En realidad, me gustaría proyectar un porvenir cargado de renuncia voluntaria a todo lo que se posee, a todo lo que el ego estipula como necesario en su escala de valores; y, sin embargo, intuyo un mañana rodeado de reservas ante el miedo de explotar delante de cualquier extraño. Me imagino, de nuevo, con un hueco en mi conciencia. Como aquellos meses en los que mi yo se peleaba con su doble para hacerlo desaparecer.

Fue al volver de un viaje. Esa lucha de la que hablo la vivimos, mi cuerpo y yo, cada noche después de aterrizar. Estuve doce horas en un avión para llegar al destino y, una vez allí, no dejaba de pensar en cómo sería un planeta en que la justicia se alzara como reina de cada desdicha.

Volví con el corazón a cuestas y sabiendo que a veces vale más el verso de un desconocido que una amistad camuflada bajo mantas de halagos falsos y sonrisas condescendientes. Volví pensando que era el momento de entregar todo lo que tenía y rezarle a un Dios en el que no creía para que me ayudara a querer salvarme. Volví, y, por aquel entonces, supuse que eso era lo más importante; pero ahora pienso cómo hubiese sido perder ese avión y quedarme en un pueblo rodeado de arrozales, en una casa vacía, en un salón con una máquina de escribir, en una habitación sin colchón.

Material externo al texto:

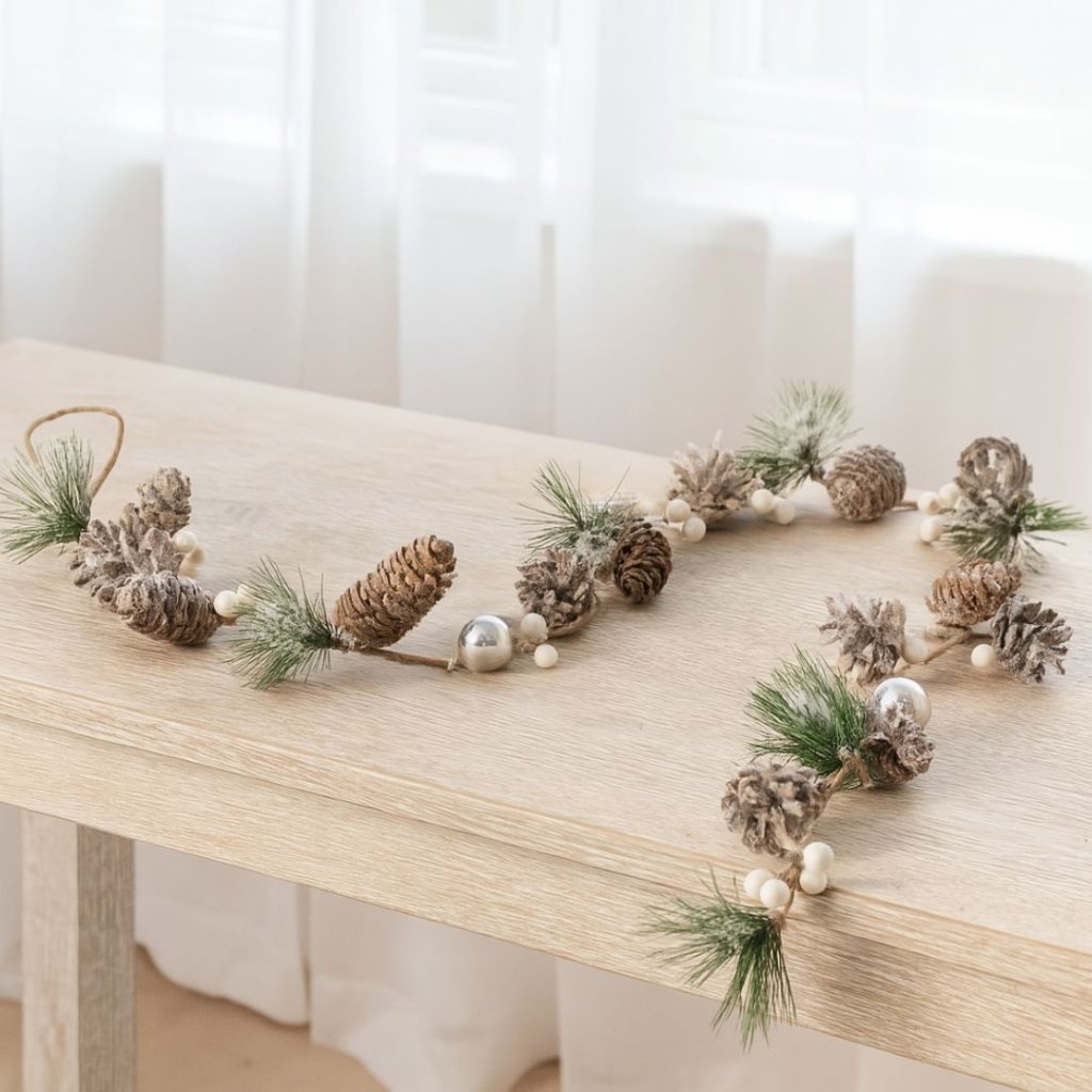 - Přírodní vánoční girlanda s bohatým dekorem šišek, umělého jehličí, bílých bobulek a stříbrných ozdobiček je ideální pro sváteční výzdobu interiéru.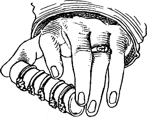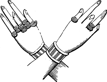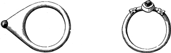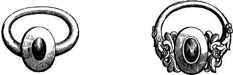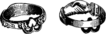 Rings as charms and talismans form a class apart. Often the peculiar form of the circlet was conceived to have a symbolic virtue, but more frequently the talismanic quality depended upon some curious engraved device, upon the stones set in the rings, or upon a mystic or religious inscription. Rings of healing were talismans valued for their special power to cure disease; the “cramp rings,” dated in legend back to the time of Edward the Confessor, were notable in this series.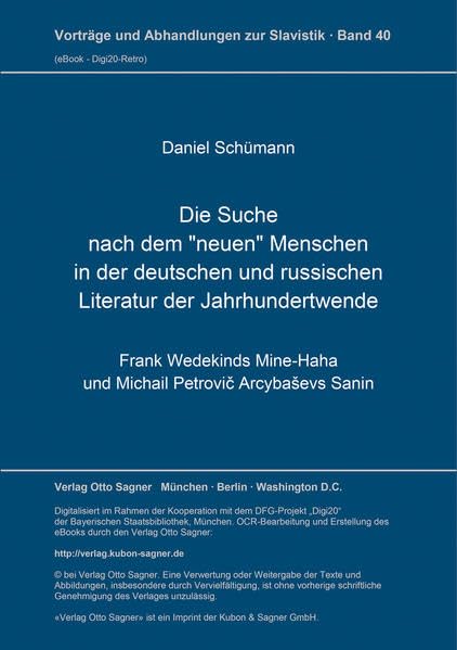 You are about to access our book library "Die Suche nach dem "neuen" Menschen in der deutschen und russischen Literatur der Jahrhundertwende: Frank Wedekinds Mine-Haha und Michail Petrovič ... Abhandlungen zur Slavistik) (German Edition) full version"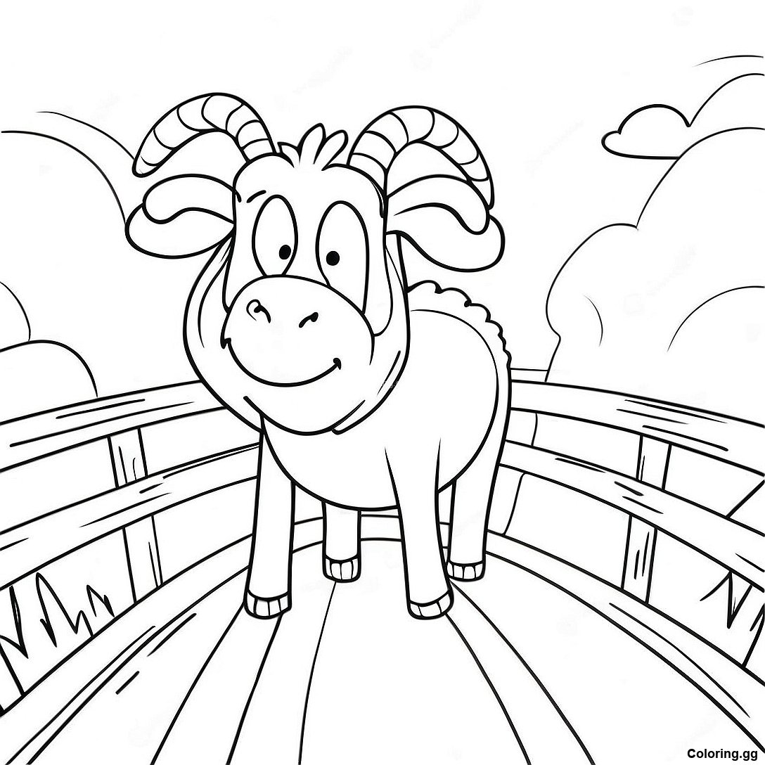דף צביעה של עיזים גְרוּף חסרי פחד חוצים את הגשר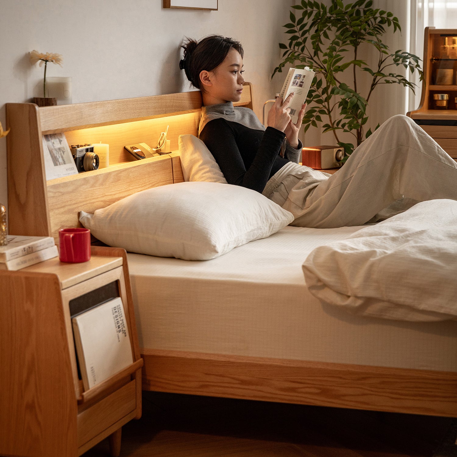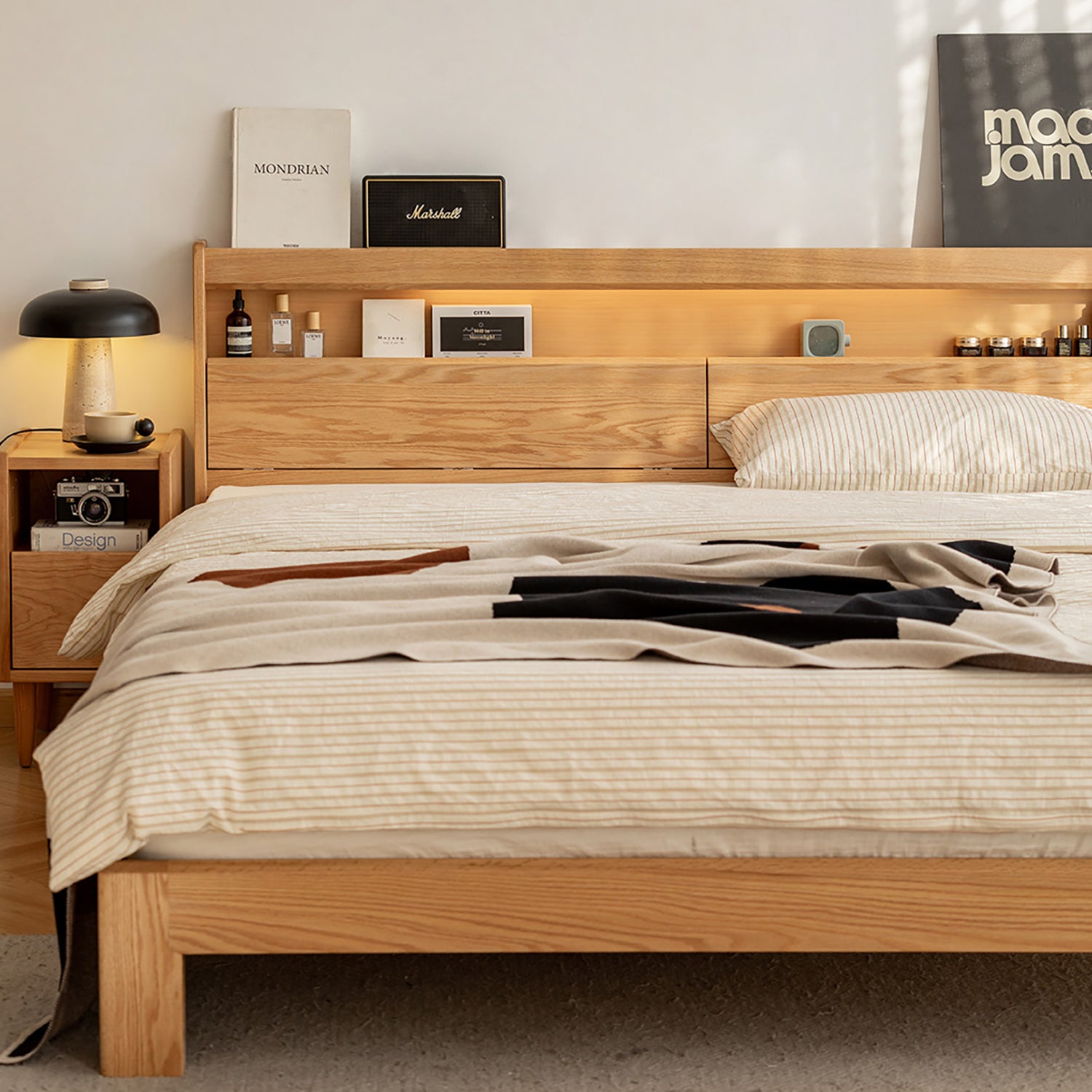 Scandinavian Oak Wood Bed ACCOMPANY LIGHT

Ahora es demasiado tarde porque nunca he tenido la valentía de perder mi vuelo y enfrentarme al riesgo que supone verse anclado en un aeropuerto sin saber si es buena idea regresar a casa. Sin embargo, aunque sea tarde, esta vez me debo un favor y prometo quedarme si existe el compromiso tácito de que será todo como nunca; de que haremos cálculos imperfectos hasta poner nuestro nombre al final de cada calle, hasta sentir la inseguridad en cada rincón de una carretera infinita, hasta jurarnos que seremos fieles, pero solo porque somos libres de abandonarnos.

Pese a que haya llegado a deshora, lo confieso, seguiré esperando en el suelo del cuarto en el que me invitaste a no rendirme. Aún estoy listo para combatir.